Suriye'de 13 yıldır devam eden iç savaş, HTŞ ve diğer muhalif grupların son 12 günlük operasyonu sonrasında Esad ailesinin 54 yıllık, Baas Partisi'nin ise 61 yıllık iktidarının sona ermesiyle sona erdi.
Ülkenin kuzeybatısındaki İdlib'de yer alan ve yaklaşık 4 milyon nüfusu yönettiği söylenen HTŞ tarafı, sabah saatlerinde Şam'da Suriye hükümeti ve ordusuna yönelik “saldırıya karşı caydırıcılık” kampanyası başlattı. Çarşamba Kasım. 27 Ocak'ta Türkiye'nin de desteklediği Suriye Ulusal Ordusu'nun (SMO) yardımıyla Rad'ul Udvan Harekatı başlatıldı.
Hızla ilerleyen muhalifler, 28 Kasım'da Halep'i Şam'a bağlayan otoyolu keserek, aynı gün 46. Alayın üssünü ve en az 8 köyü ele geçirdi.
29 ve 30 Kasım'da ülkenin ikinci büyük şehri Halep muhaliflerin elindeydi.

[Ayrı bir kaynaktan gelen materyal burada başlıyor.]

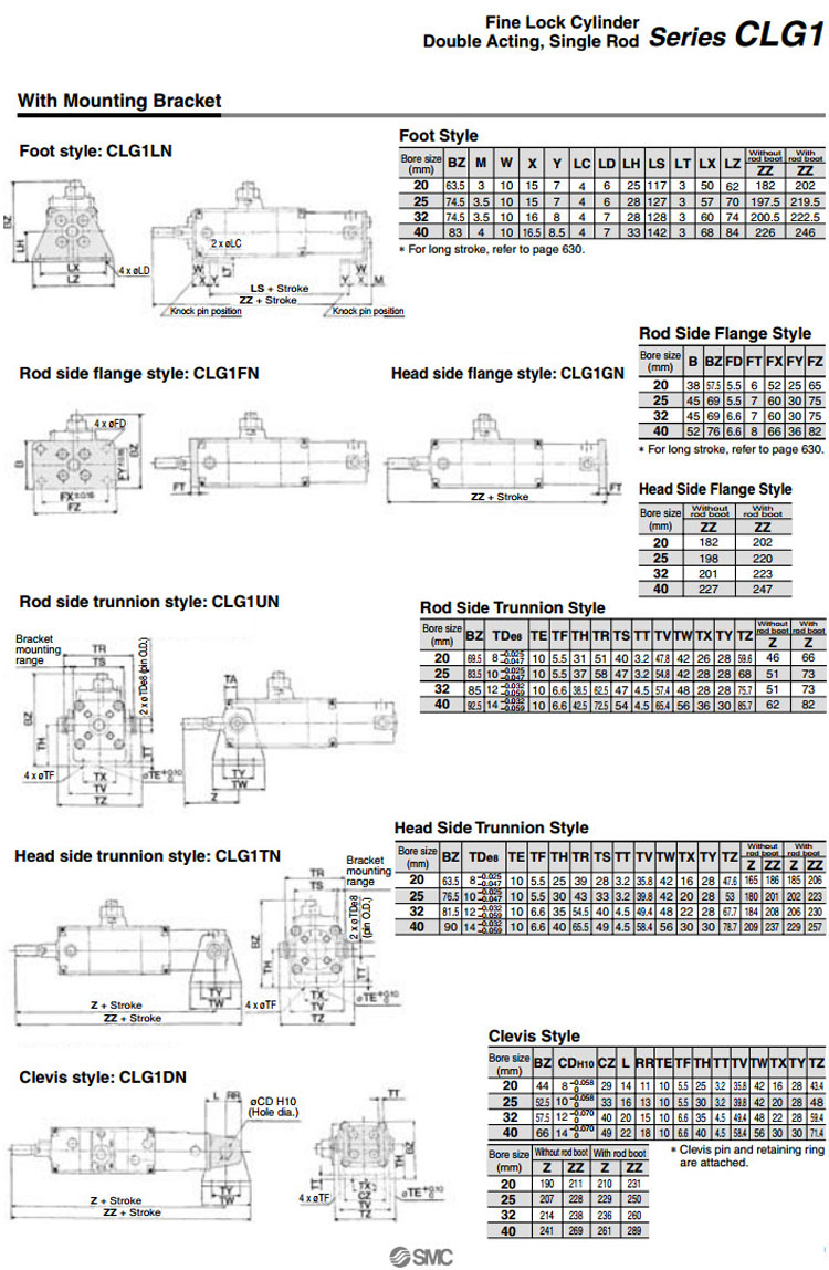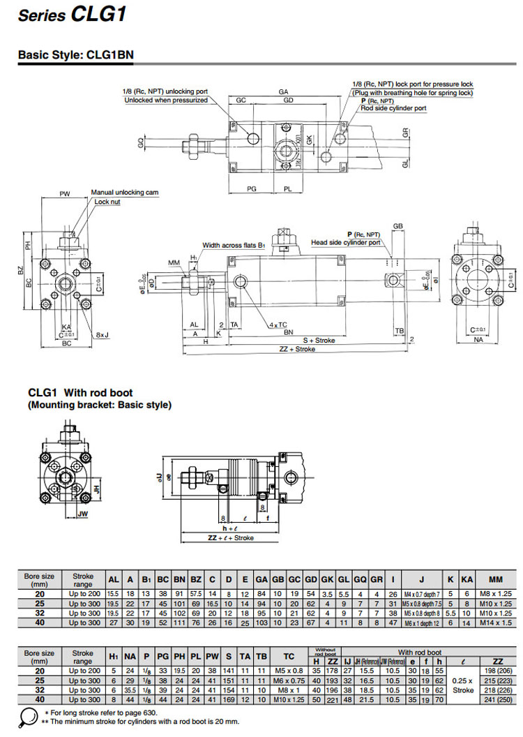 CLG1BA20-25,CLG1LA20-25,CLG1FA20-25,CLG1GA20-25,CLG1UA20-25,CLG1DA20-25,CLG1TA20-25,SMC精密鎖緊氣缸

Bu gelişmenin ardından Rus ve Suriye savaş uçakları, 2016 yılından bu yana ilk kez 2024 yılında muhaliflerin eline geçtiği düşünülen mevzileri bombaladı.
HTŞ kontrolündeki muhalif gruplar 4 Aralık'ta Hama'yı, 7 Aralık'ta Humus'u ve 8 Aralık'ta Esad'ın ülkeyi yönettiği Şam'ı ele geçirdi.
Bu gelişmelerin ardından Esad, Rusya'nın “insani nedenlerle” tanıdığı sığınma hakkı kapsamında ailesiyle birlikte Moskova'ya uçtu.
Gerçek adı Ahmed Hüseyin el-Şara olan HTŞ lideri Colani, aynı gün Suriye devlet televizyonunda Esad'ı devirdiğini duyurdu.
ABD, Kanada, İngiltere ve Türkiye HTŞ'yi “terör örgütü” olarak tanıyor.